Markets are slowing fast. The Baltic Dry Index (a measure of global trade activity) is now at 668…down some 47.44% for 2019. This index was 1377 on December 17, 2018. This reveals a rapid slowdown in trade mostly from China and Europe (the past 6 weeks). The USA is also starting a slowdown but our stock market refuses to reflect this reality. The Dow Index (a measure of computer trading) is now at 25,150 (as I write) up some 8% for the year. All this computer manipulation fools most pundits and the public.
BDI Baltic Exchange Dry Index
What does all this mean for our future? My sense is that markets are slowing globally but the USA is not recognizing this slowdown as yet. Our stock markets continue to go UP even as the Global economy slows. All this will change, however, in a few weeks as investors recognize the TREND.
Today’s Wall Street Journal has many articles expressing the slowdown in China, Europe (Germany and Italy), and most of Asia.
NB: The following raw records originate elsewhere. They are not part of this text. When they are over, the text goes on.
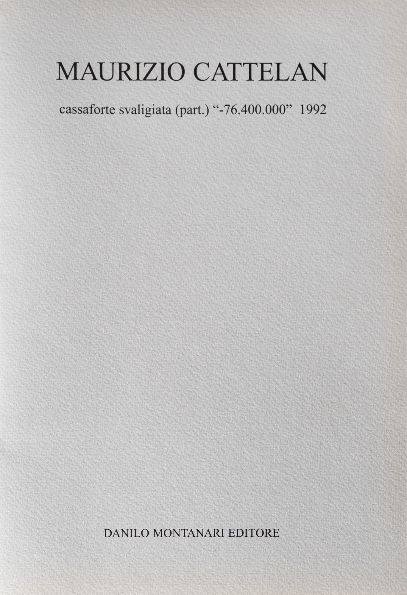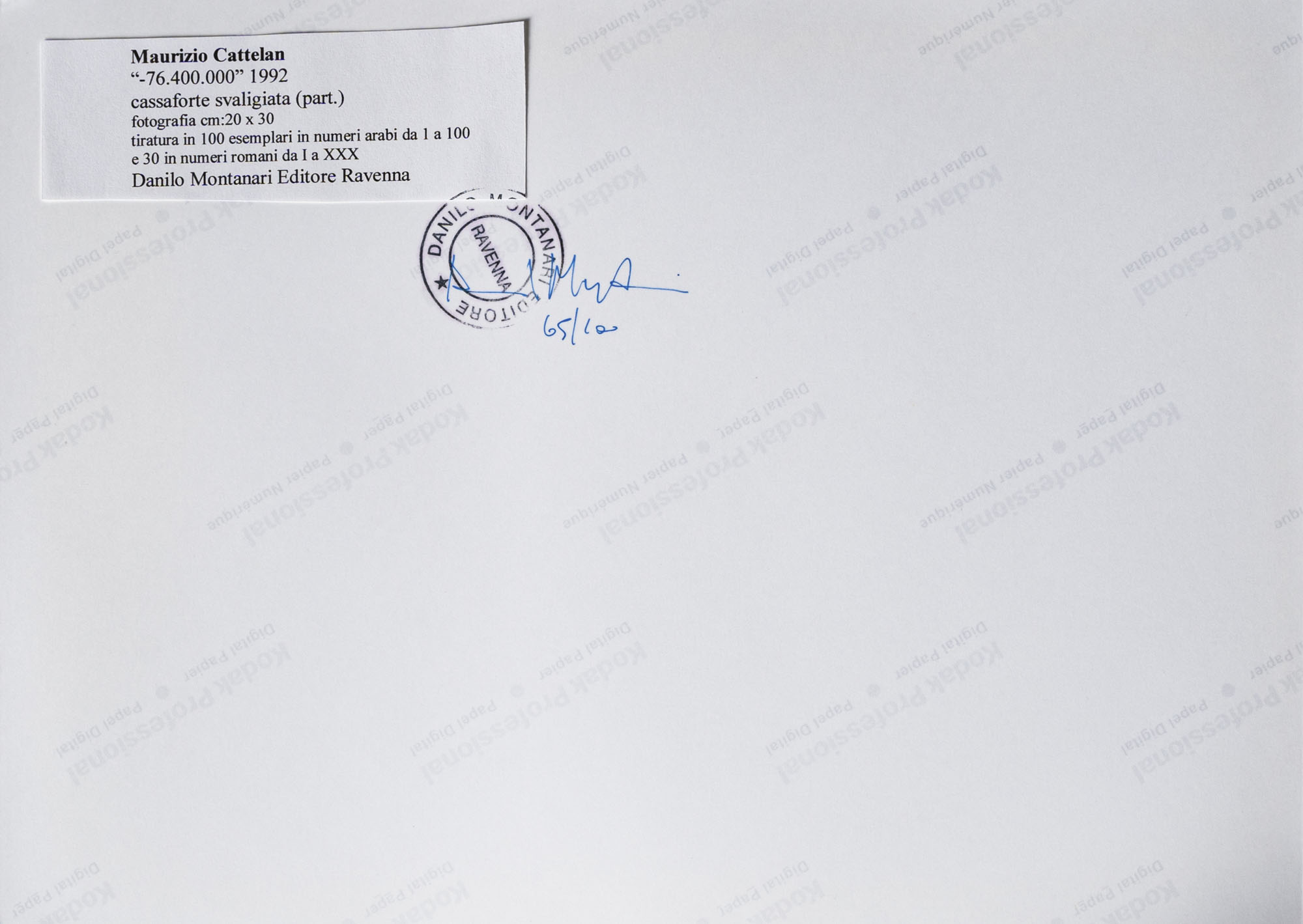 MAURIZIO CATTELAN(1960)Cassaforte svaligiata (part.) - 76.400.0001992Cartella contenente una stampa cibachrome, es. 65/100 su una tiratura complessiva di 100 esemplari in numeri arabi e 30 in numeri romani, Danilo Montanari Editore, RavennaDimensioni della cartella: 32 x 22 cmDimensioni della stampa cibachrome: 20 x 27,8 cmTimbro e firma Danilo Montanari Editore e numerazione al retro della stampa cibachromePROVENIENZA:Collezione privata, Milano
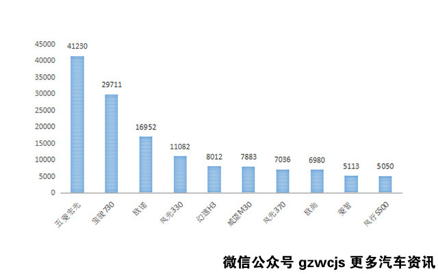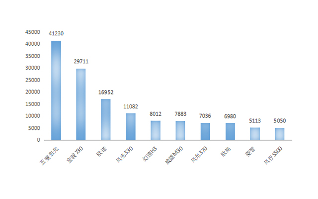 通过前十销量柱状图可以发现五菱宏光和宝骏730依然很火爆,欧诺和风光330也超过了1万,不过前十仅有四款车销量过万,说明目前的MPV市场依然不够热门。
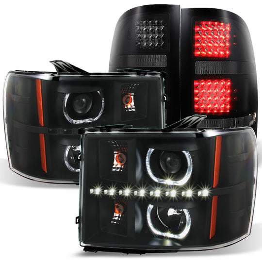 AKKON - For 2007-2014 GAZE GMC Sierra Black Halo Projector Head Lights Pair + Black Smoked LED Tail Lights Set
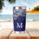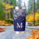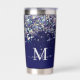 Elégant bleu marine avec holographique parties scintillant argenté isolant tumbler. Personnalisez-le facilement avec votre initiale et votre nom. Fait un cadeau personnalisé unique. c) Le Happy Cat Studio.
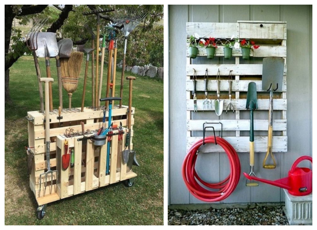 Χρησιμοποιείστε παλέτες για να οργανώσετε – αποθηκεύσετε όλα τα εργαλεία και είδη κήπου σε ένα σημείο.
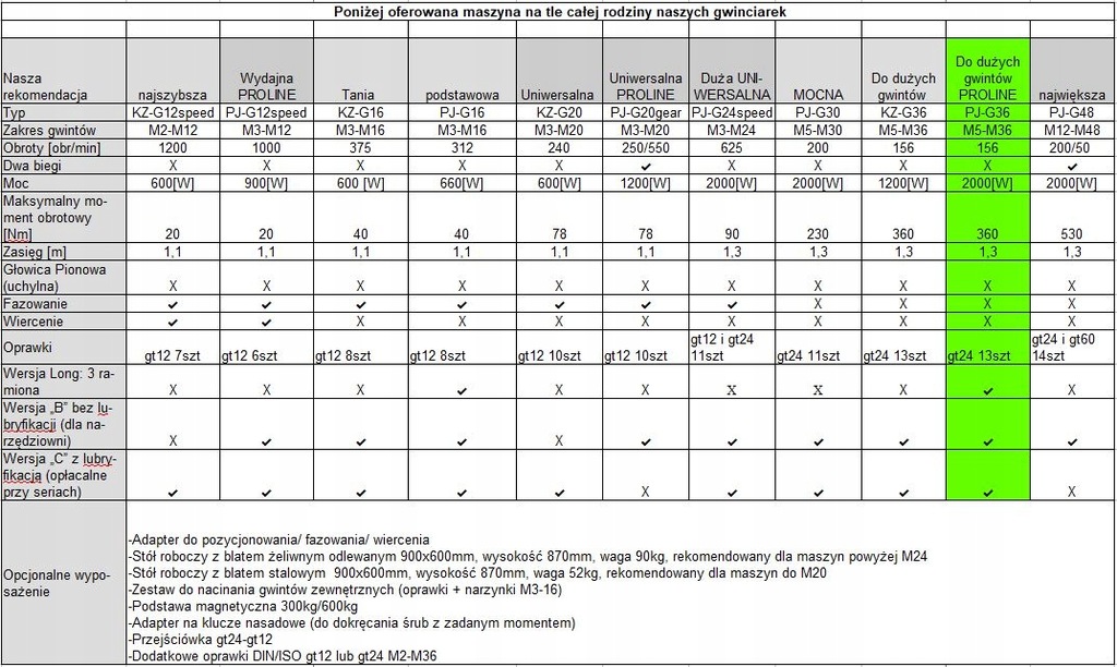 - Bogatą ofertę wyposażenia urządzenia w akcesoria do gwintowania
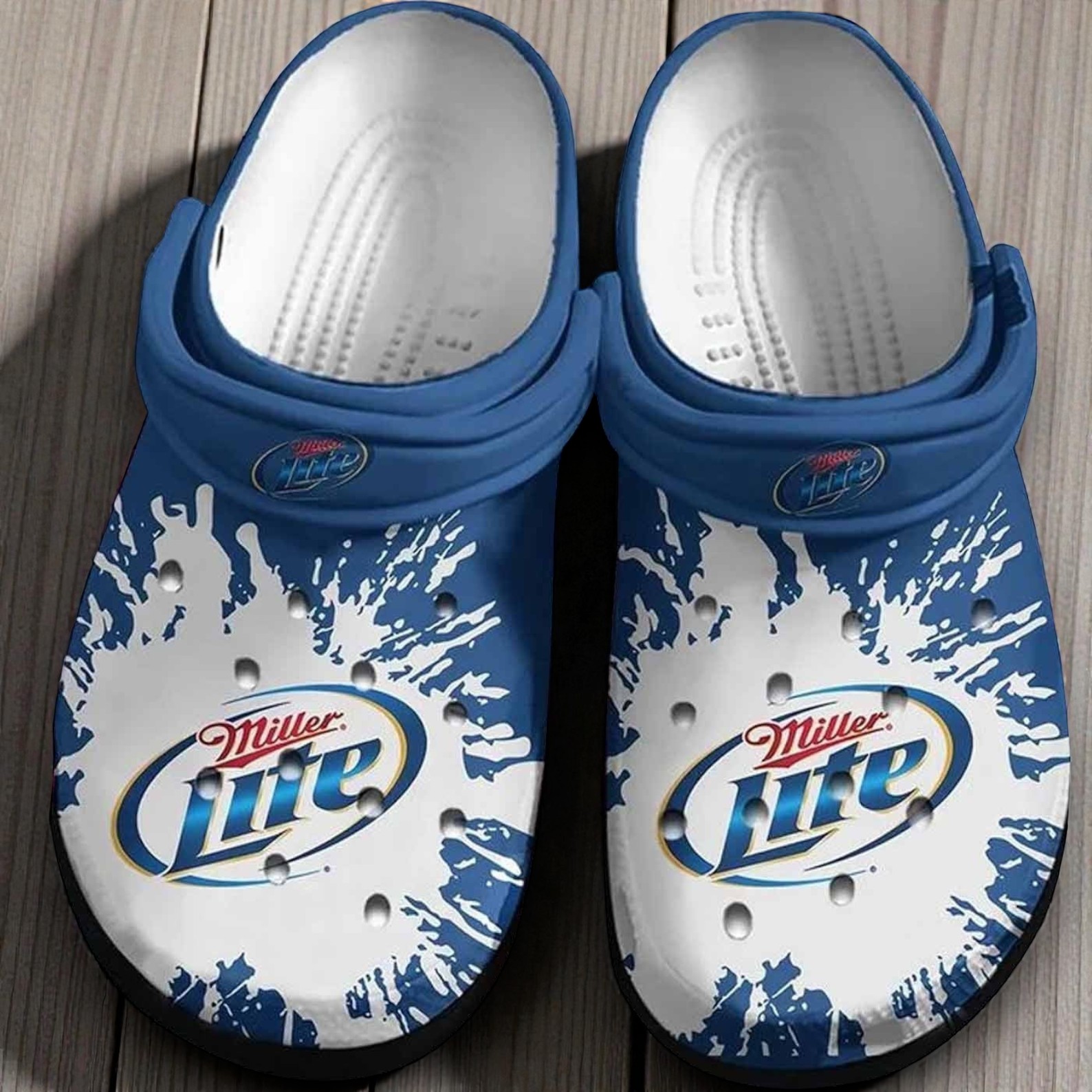 The deep blue base of these clogs catches the eye immediately, punctuated by lively splashes of white that ripple across the surface like frothy waves. The Miller Lite logo, rendered in a sleek script paired with bold sans-serif, stands out clearly, balancing a playful energy with a sporty edge. This is a design that doesn’t shy away from making a statement but does so with a casual, unforced confidence. These Miller Lite custom shoes clogs channel a vibe that’s at once fun and laid-back, perfect for someone who wears their beer enthusiasm like a badge of honor. They hint at weekends spent on backyard patios, laughter with friends, and the kind of easy style that blends sportiness with humor. The graphic elements aren’t overwhelming but precisely placed to strike that humorous yet confident note. Pair them with relaxed cargo shorts, a simple tee, and a baseball cap for effortless summer downtime. Alternatively, they add an unexpected pop to classic jeans and a casual button-down. Ideal for dads who appreciate a nod to their favorite brew, these clogs become more than footwear—they’re a lighthearted extension of personality and taste. A husband known for his easygoing approach and unmistakable sense of humor would quickly claim these for weekend wear. Whether gifted for Father’s Day or just because, these clogs carry with them a blend of familiarity and cheeky fun that feels perfectly suited to anyone who enjoys the Miller Lite lifestyle without taking things too seriously.
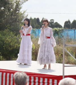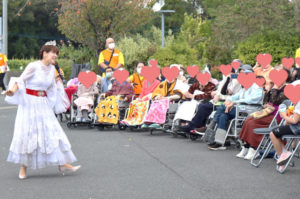 ステージショーの合間にひろやす荘デイサービス、ケアポート益城のPR(^_-)-☆
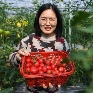 4月8日,游客在织里镇一处精品农业园的生态种植大棚内采摘春季首批成熟的樱桃番茄。
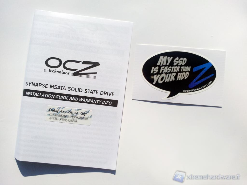 Anche la confezione interna e il contenuto è rimasto invariato, sul manuale di installazione e di garanzia è presente anche il codice di licenza per il software NVELODataplex (che oscuriamo per ovvie ragioni) mentre è presente, come per gli altri drive OCZ, il simpatico adesivo riportante la scritta "My SSD isfasterthanyour HDD" anche se in questo caso non è proprio giusta in quanto il nostro HDD, proprio grazie all'utilizzo del Synapse, potrà diventare, in determinate circostanze, più veloce di un SSD Sata II ed in alcuni casi competere potrà con SSD Sata III top di gamma.
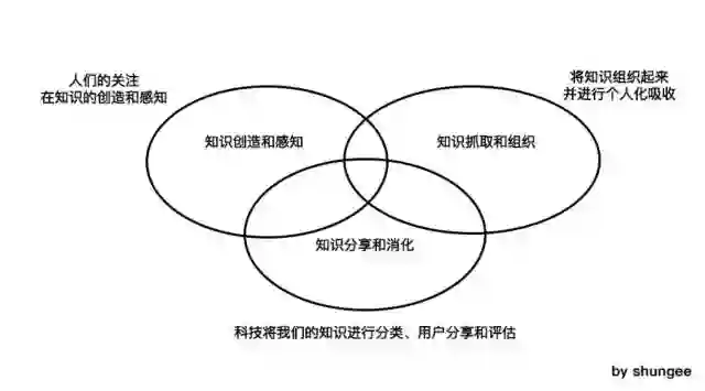 从个人角度来说,人们将自己的关注点构建在对于知识的知晓和创造,之后人们会进行知识的抓取并进行个人的消化过程,而技术的作用就是将我们学到的知识进行分享和分类。
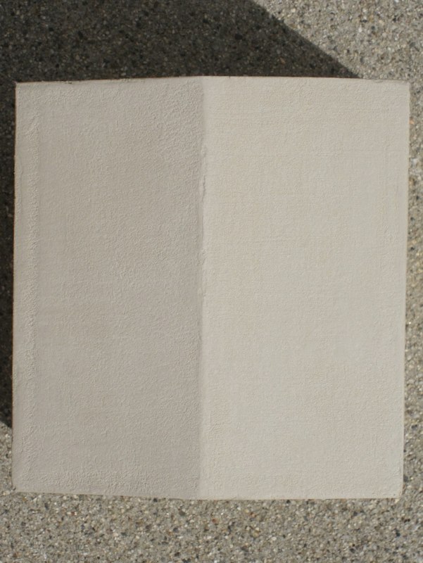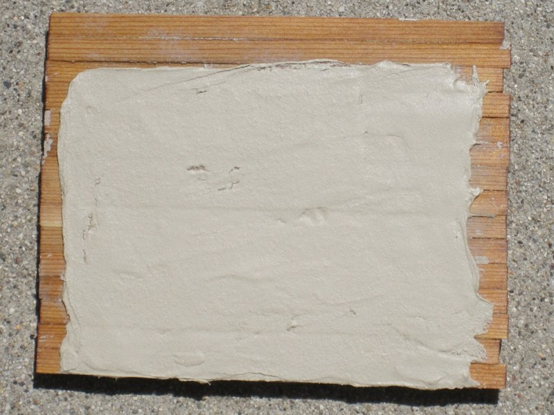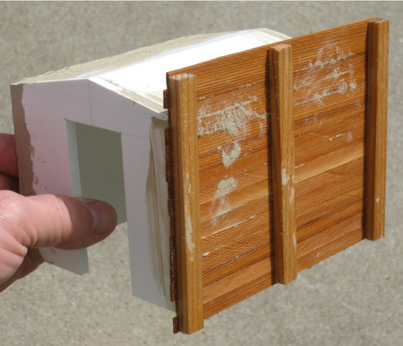 When it was thoroughly dry I peeled it off the form. Next I mixed some molding paste and latex paint, and spread a thick layer onto one side of the building. I applied the dried, textured sheet, starting at one end and carefully pressing it into the wet layer. The trick is to prevent trapping any air under the textured sheet. Then I let this dry for two days, leaving it in the sun as much as possible.
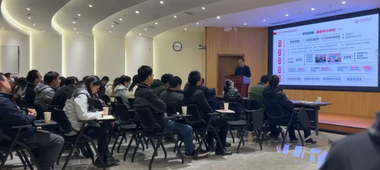 学院副院长施建章对学院近五年教育教学相关工作作总结汇报,他重点阐述当前学院人才培养中存在的教学突出问题,希望教师能够提高认识,不断提升业务能力和教学质量,成为业务精湛的高素质教师,并且要严抓课堂学风建设,提高学生课堂抬头率,保障课堂教学质量。
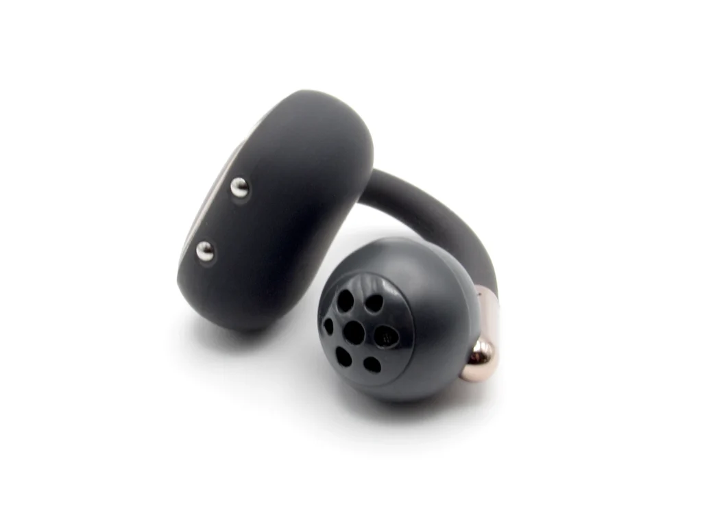 両端を結ぶブリッジ部分はニッケルチタン合金と液体シリコンを用いた「N-Flex Arch」構造とされています。ボール状の音声出力部はUUとほぼ同じサイズですが、ドライバーサイズの変更に伴ったものか開口部がわずかに大きくなっています。
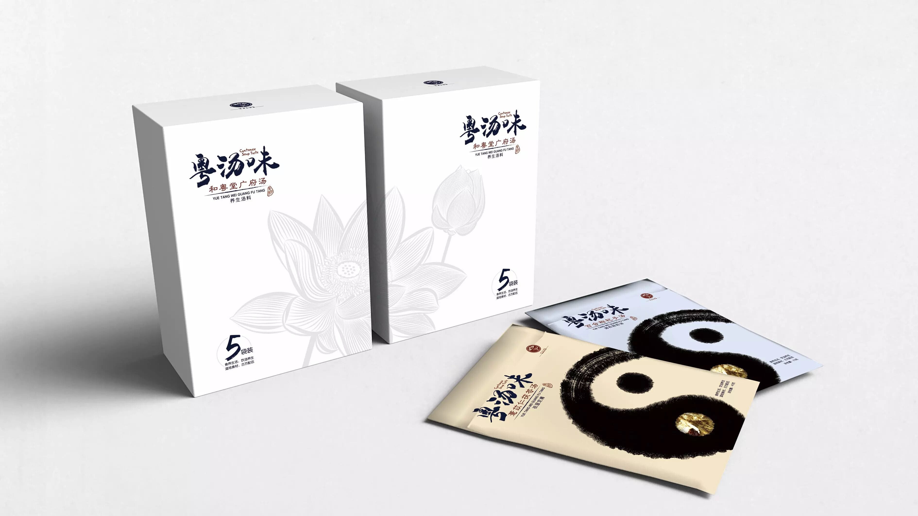 既然是传统养生产品那么就少不了中国元素,太极和荷花,整体风格使用了中国风元素颜色也是比较素,这更能显示包装的市场定位!
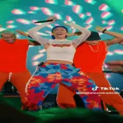 Uma mulher com roupas coloridas dança com dois homens ao fundo, todos com expressão de diversão. A imagem tem um efeito de luzes coloridas ao fundo e a marca do Tik Tok.
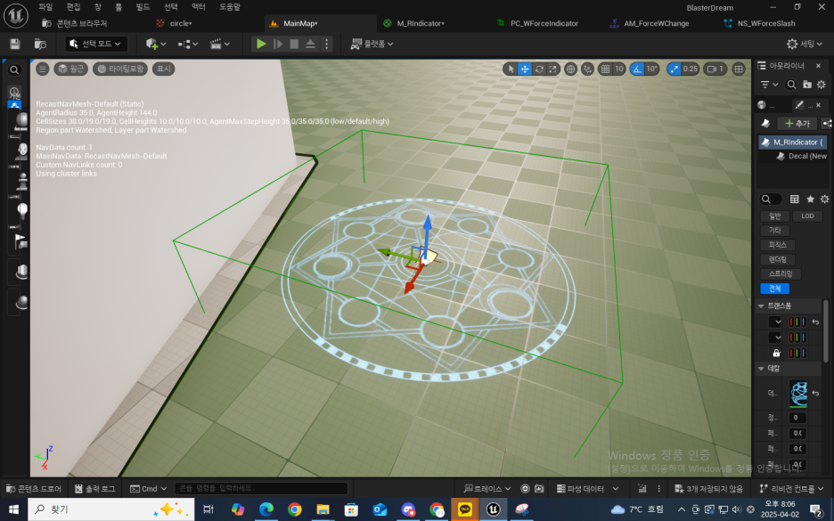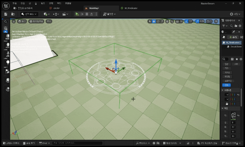 이제 월드에 배치시 넣은 데칼이 잘 보이는걸 확인할수있다
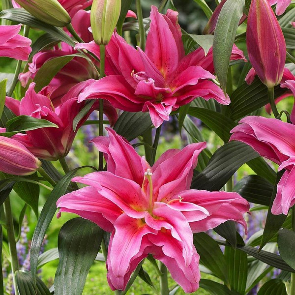 Восточные лилии создают неповторимую роскошь и обволакивают сад пьянящим ароматом. Их огромные соцветия-колокола в разы крупнее, чем у азиатских, видовых или тигровых лилий, а яркая расцветка с характерным крапом делает их самыми узнаваемыми среди остальных групп лилий.

So far, the USA and Canada seem to be slowing but our stock markets are still being manipulated UP. This is what happens when ‘algorithms’ rule over our markets. Algorithms can trade as if all is well and without any human input (in real-time).
My sense is that we are at the end of a BULL expansion (now some 9.5 years). Our Big Boys at the Fed and Treasury may ignore all these realities given their many econometric models and mathematical manipulations but the REAL economy defies all their manipulations. Markets are SLOWING and this trend is now obvious.
Real estate is slowing, manufacturing is slowing, consumer spending is slowing, and global trade is slowing. Confidence is also starting to wane. The Baltic Dry Index seems to give me valid data for our global economy. It may be a leading indicator for what is emerging for all our global markets. Think for yourself to discern these realities.